Moraes reabre investigação e Bolsonaro volta ao centro da polêmica

O ministro Alexandre de Moraes, do Supremo Tribunal Federal (STF), decidiu nesta quinta-feira (16) autorizar a reabertura do inquérito que apura uma suposta interferência do ex-presidente Jair Bolsonaro (PL) na Polícia Federal durante o seu governo. A medida foi tomada depois de um pedido feito pela Procuradoria-Geral da República (PGR), agora sob nova direção e com outro olhar sobre o caso.

Esse inquérito não é novo. Ele foi aberto lá em 2020, no auge das tensões políticas entre Bolsonaro e o então ministro da Justiça, Sergio Moro, que hoje é senador pelo União Brasil do Paraná. Na época, Moro largou o cargo denunciando que o presidente queria “interferir politicamente” na PF — o que gerou uma verdadeira crise no governo e um terremoto político em Brasília.

Lá atrás, em 2022, o inquérito acabou sendo arquivado, depois de a Polícia Federal concluir que não havia provas concretas de crime.
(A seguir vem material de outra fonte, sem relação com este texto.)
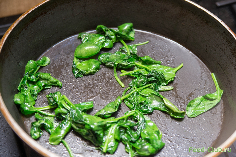 4. 4. В это время разогрейте сковороду с маслом, добавьте туда шпинат и обжарьте около 2-3 минут (шпинат должен стать мягким).
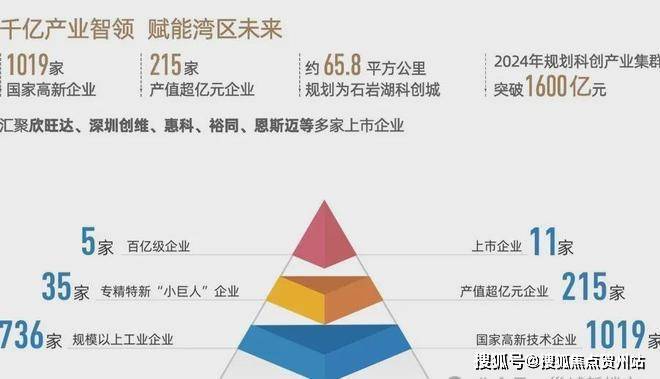 石岩科创城(规划面积65.8万平方公里)汇聚高端科技资源,驱动产业升级,形成产业集群效应,成为推动区域经济高质量发展的关键引擎。在2024年已汇集超过1019家国家高新技术企业,拥有215家产值超亿元企业,已汇聚欣旺达、深圳创维、惠科、裕同、恩斯迈等11家上市企业,规划科创产业集群突破1600亿元。
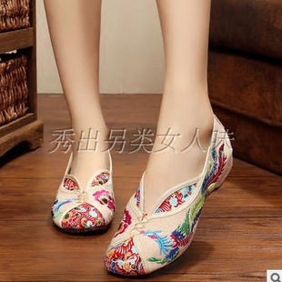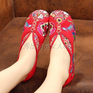 广场舞蹈女单鞋 老北京牛筋底布鞋 彩凤套脚内增高绣花鞋 春夏秋季
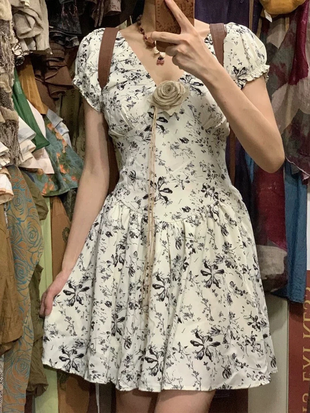 A cute floral print dress is up for grabs! The dress has a v-neck and short sleeves. Perfect for a sunny day out suitable for 100-110 lbs
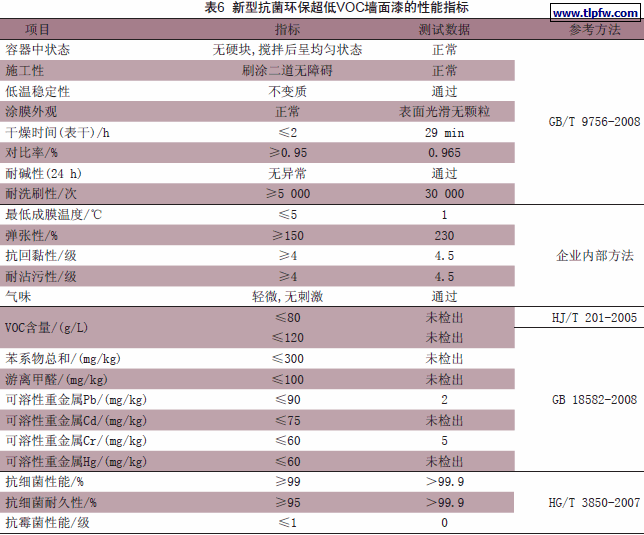 根据上述优化试验所制得的新型抗菌环保超低VOC墙面漆的性能指标具体如表6。

A então vice-procuradora-geral da República, Lindôra Araújo, também pediu o encerramento. Parecia que o assunto tinha morrido ali, mas pelo visto, voltou com força.
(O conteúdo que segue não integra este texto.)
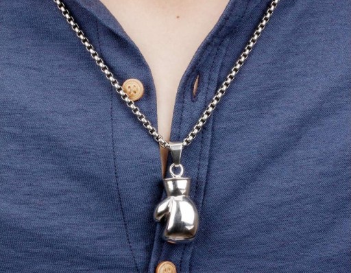 ✅ Elegancka, podłużna zawieszka w kształcie Rękawicy Bokserskiej w całości wykonana ze stali chirurgicznej 316L, często nazywanej stalą jubilerską lub stalą szlachetną.
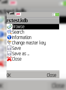KeePass for J2ME is a J2ME port of KeePass Password Safe, a free, open source, light-weight and easy-to-use password manager. You can store passwords in a highly-encrypted database on a mobile phone, and view them on the go.
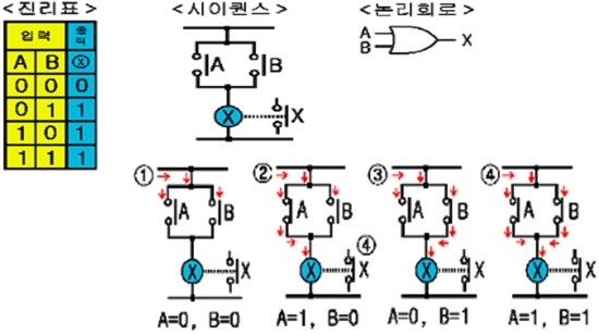 두 개의 접점 중 하나만 동작해도 출력되는 회로를 말한다.
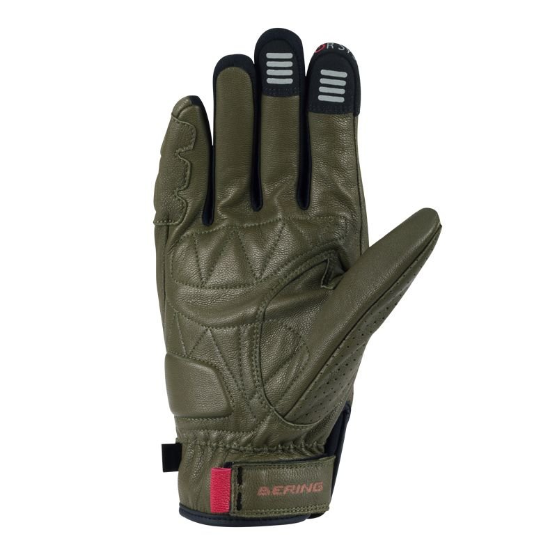 Côté finitions, Bering reste fidèle à sa réputation : c’est propre, net, et plutôt sérieux pour un gant moto été milieu de gamme. Les coutures sont régulières, les zones stressées comme la paume et les phalanges semblent bien renforcées. Le soufflet aux articulations est visuellement discret mais se voit bien une fois le gant en main, et c’est une bonne chose pour l’ergonomie. Le serrage poignet par Velcro est classique, mais fonctionne : réglage rapide, bon maintien. On apprécie aussi le grip ajouté à l’intérieur de la main, avec un aspect légèrement texturé qui promet une bonne accroche sur les poignées et les leviers. Aucun détail « gadget » ici, tout semble avoir une utilité concrète. On n’est pas sur un gant premium ultra luxueux, mais pour la catégorie, le niveau de finition est vraiment correct. En résumé : simple, bien pensé, sans effet de manche inutile.
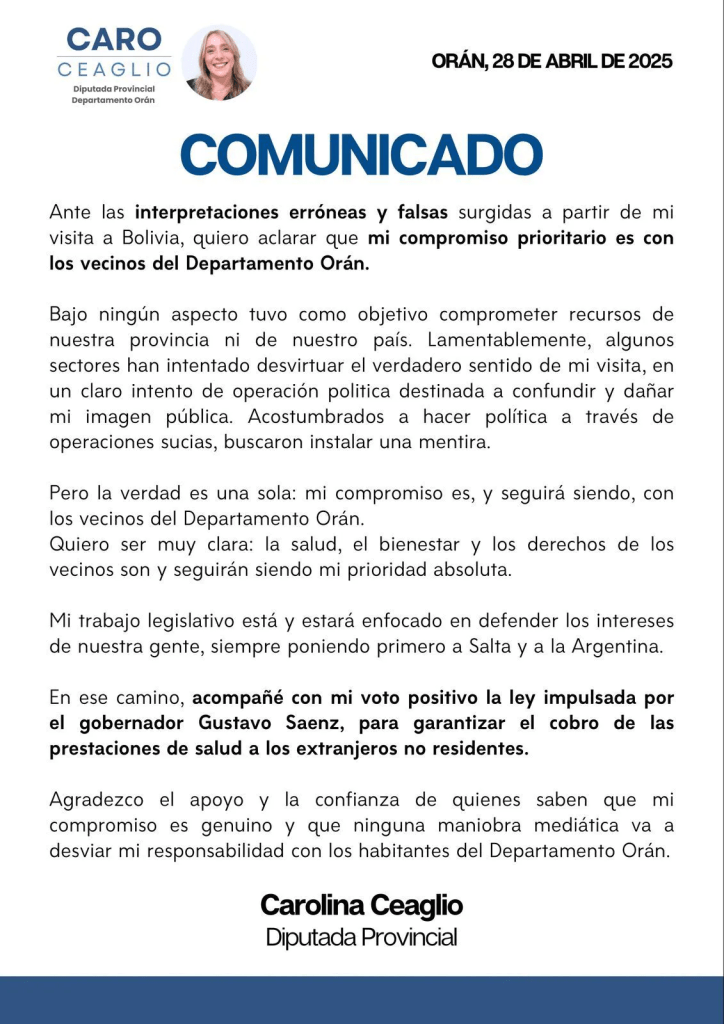 Ceaglio aclaró que su reciente visita a Bolivia no tuvo como objetivo comprometer recursos de la provincia de Salta ni del país. «Mi compromiso prioritario es y seguirá siendo con los vecinos del departamento de Orán», afirmó.
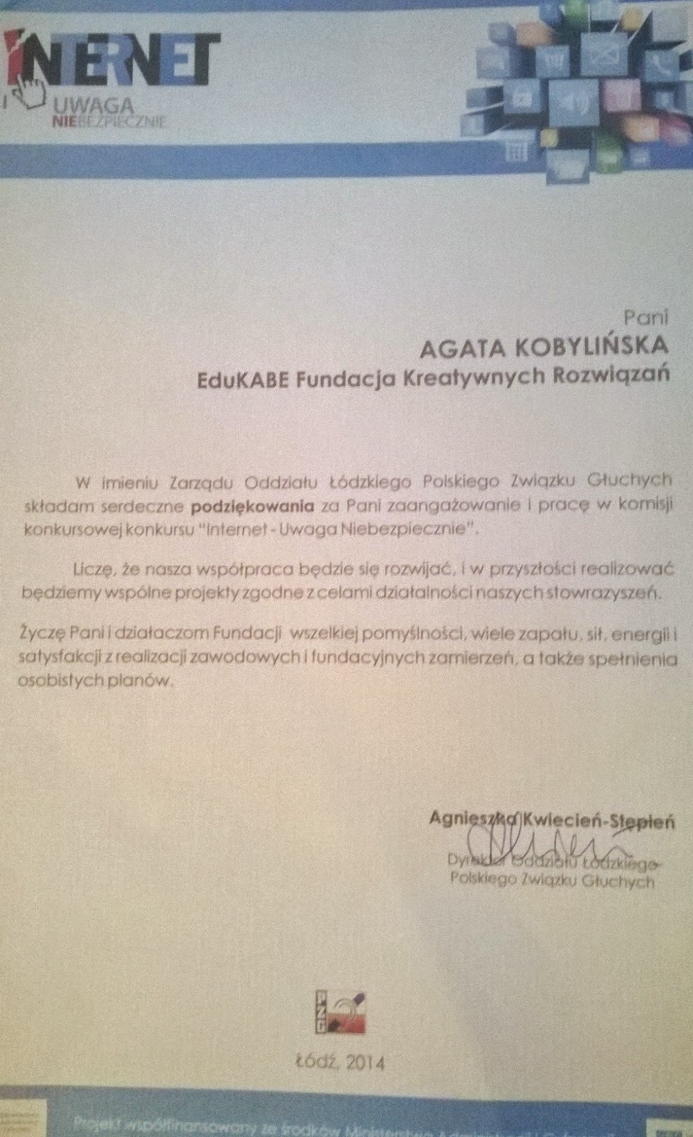 Zapraszamy do zapoznania się z wynikami konkursu organizowanego przez Polski Związek Głuchych Oddział Łódzki „„Internet –Uwaga Niebezpiecznie” i obejrzenia filmów konkursowych. Celem konkursu było minimalizowanie zagrożeń oraz bezpieczne zachowania w Internecie. Nasza Fundacja była zaangażowana w pracę komisji konkursowej. Niektóre filmy wywarły na nas ogromne wrażenie, ale wszystkie wywołały uznanie i szacunek za ogrom pracy włożony w przygotowanie filmów. GRATULUJEMY ZWYCIĘZCOM !!! Liczymy również na dalszą współpracę 🙂

Agora, três anos depois, o novo comando da PGR entende que é “imprescindível verificar com maior amplitude” se houve interferência direta ou até manipulação de investigações, usando a estrutura da máquina pública. Em outras palavras, querem saber se Bolsonaro, de fato, tentou colocar a PF a serviço de seus interesses.

O embate entre Moro e Bolsonaro

A briga entre os dois foi um dos momentos mais marcantes do governo. Moro, que chegou ao cargo com a fama de herói da Lava Jato, acabou saindo pela porta dos fundos, dizendo que o presidente queria controlar a corporação.
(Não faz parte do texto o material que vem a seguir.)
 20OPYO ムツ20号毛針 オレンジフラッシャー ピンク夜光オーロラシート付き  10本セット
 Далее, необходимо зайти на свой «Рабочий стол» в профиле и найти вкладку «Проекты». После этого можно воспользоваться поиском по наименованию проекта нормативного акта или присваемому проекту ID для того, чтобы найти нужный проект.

“O presidente me disse, mais de uma vez, que queria ter uma pessoa de confiança, com quem pudesse falar diretamente, pedir relatórios, informações de inteligência…”, contou Moro na época, deixando claro que achava isso completamente inadequado. Bolsonaro rebateu, acusando o ex-ministro de “denunciação caluniosa” e de agir por vingança.

Poucos dias depois da saída de Moro, Bolsonaro tentou nomear Alexandre Ramagem, amigo próximo da família e então diretor da Abin (Agência Brasileira de Inteligência), para comandar a PF. A nomeação, porém, foi barrada por Alexandre de Moraes, que viu ali um claro “desvio de finalidade” — ou seja, o uso político de um cargo público.

Ligação com a chamada “Abin Paralela”

Um dos pontos que reacenderam o interesse da PGR é a possibilidade de que essa suposta interferência na PF tenha relação com o caso da chamada “Abin Paralela”, esquema que teria operado de forma clandestina durante o governo Bolsonaro.

Segundo as investigações em curso, essa estrutura teria sido usada para espionar autoridades, monitorar opositores e coletar dados sigilosos sem autorização legal. O novo procurador-geral, Paulo Gonet, afirma que é preciso checar se houve “obtenção clandestina de dados sensíveis” e se isso se misturou com tentativas de interferência em investigações oficiais.

A PGR também quer avaliar se o uso dessas informações pode ter servido para proteger aliados políticos ou familiares do ex-presidente — o que, se confirmado, configuraria uma grave violação institucional.

Apesar da reabertura, o processo ainda está em fase inicial. A PF deve ser novamente ouvida e pode ser que novas diligências sejam determinadas nos próximos dias. Fontes próximas ao Supremo dizem que Moraes quer que tudo seja feito com discrição, sem espetáculo midiático, mas também sem engavetar o caso de novo.

Enquanto isso, nos bastidores de Brasília, o clima é de expectativa. Aliados de Bolsonaro dizem que a reabertura é uma “perseguição política”, enquanto críticos enxergam uma oportunidade de revisitar um dos episódios mais conturbados do governo passado.

No fim das contas, o caso reacende uma velha discussão: até que ponto o poder político pode se sobrepor às instituições? Essa história ainda promete render capítulos intensos, e, pelo jeito, o embate entre Bolsonaro, Moro e Moraes está longe de acabar.